SSE sits on top of plain HTTP. The server keeps the connection open and pushes data chunks as they become ready. Each chunk follows a strict text format.
Here’s a raw SSE stream from an LLM call:
data: {"choices":[{"delta":{"content":"Hello"}}]}
data: {"choices":[{"delta":{"content":" there"}}]}
data: {"choices":[{"delta":{"content":"!"}}]}
data: [DONE]
Three rules govern every SSE message:
- Each message starts with
data:followed by a JSON payload - Messages are separated by two newlines (
\n\n) - The stream ends with
data: [DONE]
That’s it. No binary framing, no handshake, no protocol upgrade. Plain text over a normal HTTP response.

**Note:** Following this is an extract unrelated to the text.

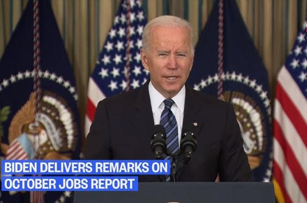 The continuing improvement in vaccination rates — 77 percent of eligible Americans have had at least one shot — is one reason for the improving jobs outlook, and Biden also touted this week's approval of the Pfizer vaccine for kids aged five to 11, which will make schools safer and also help family budgets since children who become magnetic after being vaccinated can help pick up loose change from sofa cushions. (No, do not complain in the comments that US coins don't react to magnets.)

The Content-Type header for SSE is text/event-stream. When you spot that header, you know you’re dealing with a stream. Your client reads the response body line by line instead of waiting for the full payload.
Quick check: If an SSE message looks like data: {"token":"Hi"}\n\ndata: {"token":"!"}\n\n, how many separate messages does it contain? Answer: two. Each data: line followed by \n\n is one message.
Stream OpenAI Responses with Raw HTTP
OpenAI’s streaming format is the most widely copied, so we start here. We’ll use raw requests — no SDK — so you see exactly what happens at the HTTP level.
Two changes from a normal API call: set "stream": true in the request body, and iterate over lines instead of calling .json(). Each line holds a delta object with a content field. That’s your token.
import micropip
await micropip.install(['requests'])
import os
from js import prompt
OPENAI_API_KEY = prompt("Enter your OpenAI API key:")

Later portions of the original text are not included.